WHAT THE TASK REQUIRES:
Beginning with the line below that contains "女子向けラノベタイトル風あだ名 | 『りわこが死なない童話 林檎のりわこの診療簿』 |" and ending with the line that contains "Solgar® B1-vitamiini 100", copy every line exactly. Copy nothing else.

+++ DATASET EXTRACT +++

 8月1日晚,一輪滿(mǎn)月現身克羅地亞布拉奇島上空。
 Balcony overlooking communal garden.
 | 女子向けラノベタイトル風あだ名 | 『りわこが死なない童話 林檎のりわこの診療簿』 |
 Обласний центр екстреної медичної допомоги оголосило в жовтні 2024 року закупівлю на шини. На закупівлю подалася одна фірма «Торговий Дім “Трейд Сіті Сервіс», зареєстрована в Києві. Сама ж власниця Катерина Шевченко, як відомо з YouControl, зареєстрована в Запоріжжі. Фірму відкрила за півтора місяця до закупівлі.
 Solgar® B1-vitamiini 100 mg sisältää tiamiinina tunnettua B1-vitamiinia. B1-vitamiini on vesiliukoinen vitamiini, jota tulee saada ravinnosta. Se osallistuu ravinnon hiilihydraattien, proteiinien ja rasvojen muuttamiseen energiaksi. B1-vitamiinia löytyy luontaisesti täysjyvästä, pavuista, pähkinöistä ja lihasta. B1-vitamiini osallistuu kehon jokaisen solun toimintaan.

+++
+++ DATASET EXTRACT +++

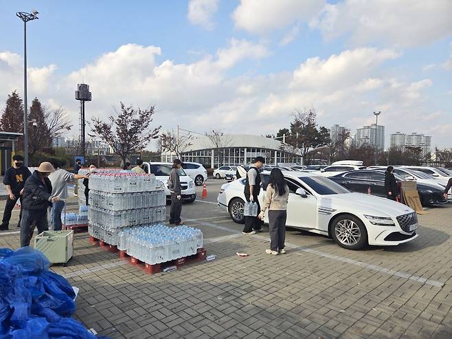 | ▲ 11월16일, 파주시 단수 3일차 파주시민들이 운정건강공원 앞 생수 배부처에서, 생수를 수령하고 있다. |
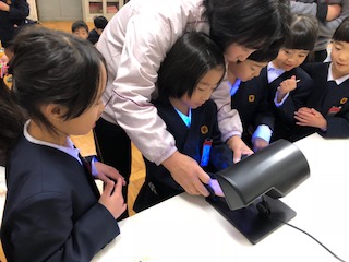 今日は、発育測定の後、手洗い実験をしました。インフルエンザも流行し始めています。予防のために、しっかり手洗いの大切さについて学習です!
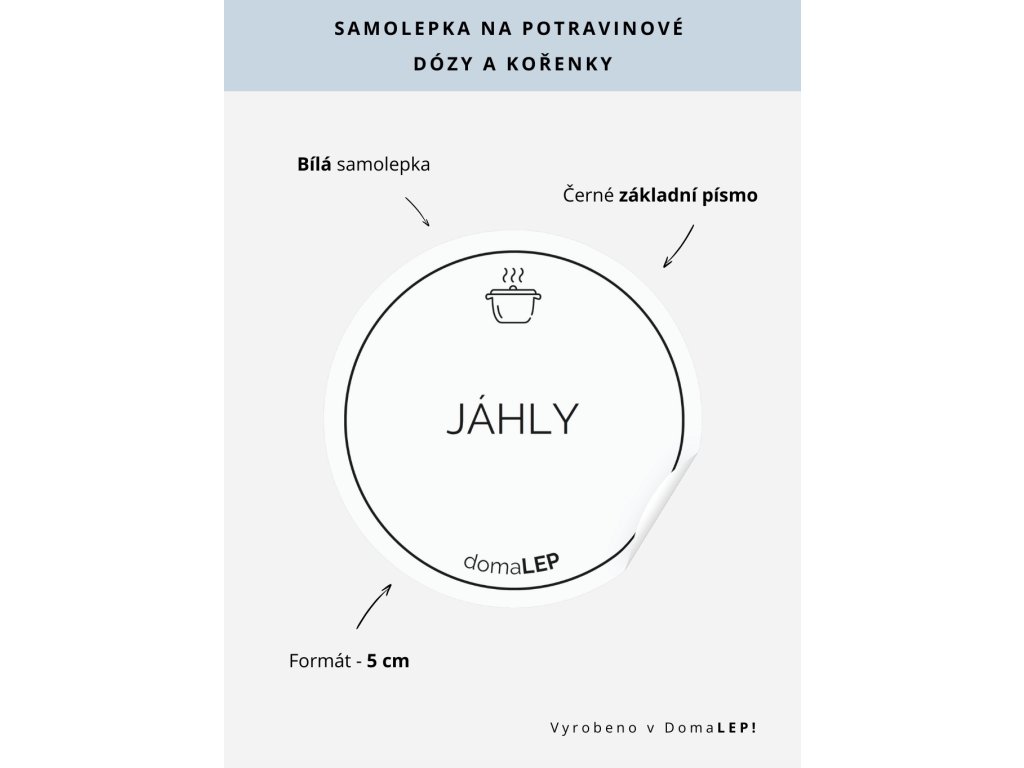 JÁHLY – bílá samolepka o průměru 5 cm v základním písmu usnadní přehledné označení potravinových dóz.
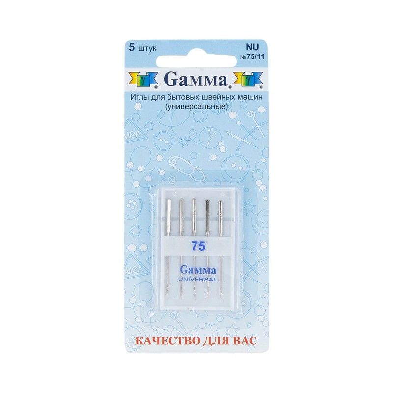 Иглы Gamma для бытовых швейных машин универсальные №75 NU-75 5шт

+++
+++ DATASET EXTRACT +++

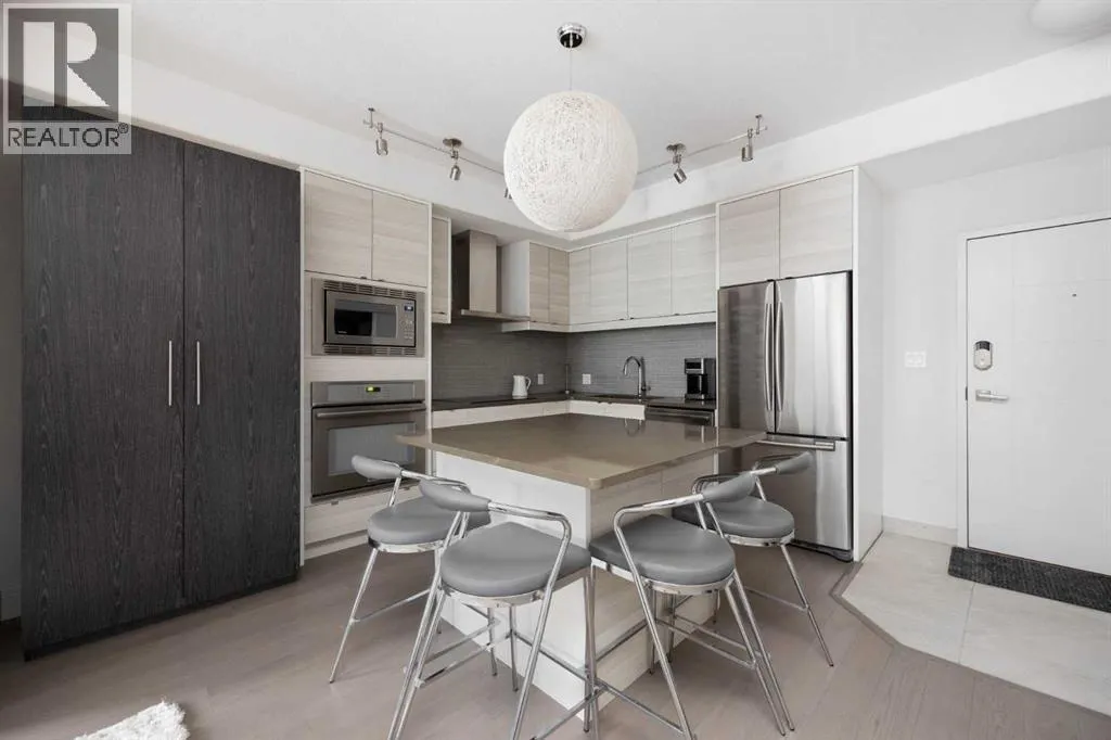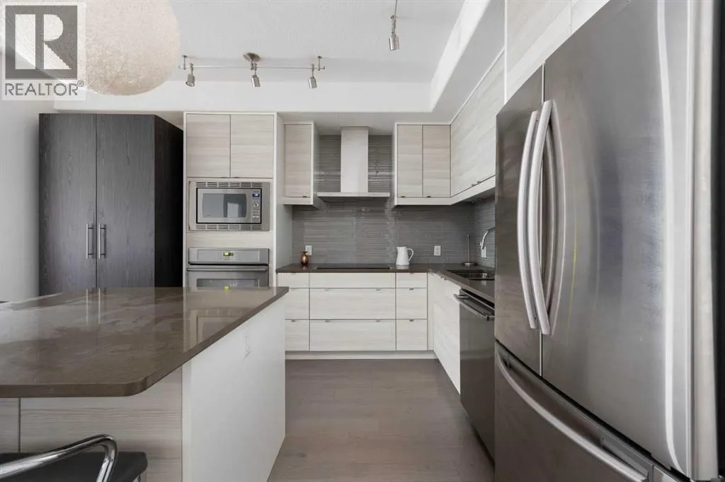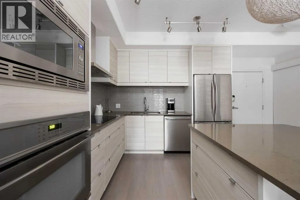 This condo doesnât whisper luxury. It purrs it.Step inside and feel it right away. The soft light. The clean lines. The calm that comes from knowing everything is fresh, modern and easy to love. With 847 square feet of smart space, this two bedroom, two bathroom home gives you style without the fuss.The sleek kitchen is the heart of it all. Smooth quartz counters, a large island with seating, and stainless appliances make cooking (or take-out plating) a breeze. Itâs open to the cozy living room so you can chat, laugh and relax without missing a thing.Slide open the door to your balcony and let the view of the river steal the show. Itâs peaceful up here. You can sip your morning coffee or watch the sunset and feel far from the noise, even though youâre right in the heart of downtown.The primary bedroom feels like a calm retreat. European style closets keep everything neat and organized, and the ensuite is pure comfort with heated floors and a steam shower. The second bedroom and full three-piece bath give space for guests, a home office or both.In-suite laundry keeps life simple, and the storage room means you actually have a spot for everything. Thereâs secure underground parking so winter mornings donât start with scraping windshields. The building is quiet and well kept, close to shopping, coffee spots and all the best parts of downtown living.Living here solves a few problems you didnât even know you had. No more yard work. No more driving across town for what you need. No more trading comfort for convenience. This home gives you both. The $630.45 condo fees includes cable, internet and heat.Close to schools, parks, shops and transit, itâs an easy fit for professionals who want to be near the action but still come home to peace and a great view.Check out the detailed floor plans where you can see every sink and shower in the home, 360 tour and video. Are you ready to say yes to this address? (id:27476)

+++

ANSWER TO THE PROBLEM:
 | 女子向けラノベタイトル風あだ名 | 『りわこが死なない童話 林檎のりわこの診療簿』 |
 Обласний центр екстреної медичної допомоги оголосило в жовтні 2024 року закупівлю на шини. На закупівлю подалася одна фірма «Торговий Дім “Трейд Сіті Сервіс», зареєстрована в Києві. Сама ж власниця Катерина Шевченко, як відомо з YouControl, зареєстрована в Запоріжжі. Фірму відкрила за півтора місяця до закупівлі.
 Solgar® B1-vitamiini 100 mg sisältää tiamiinina tunnettua B1-vitamiinia. B1-vitamiini on vesiliukoinen vitamiini, jota tulee saada ravinnosta. Se osallistuu ravinnon hiilihydraattien, proteiinien ja rasvojen muuttamiseen energiaksi. B1-vitamiinia löytyy luontaisesti täysjyvästä, pavuista, pähkinöistä ja lihasta. B1-vitamiini osallistuu kehon jokaisen solun toimintaan.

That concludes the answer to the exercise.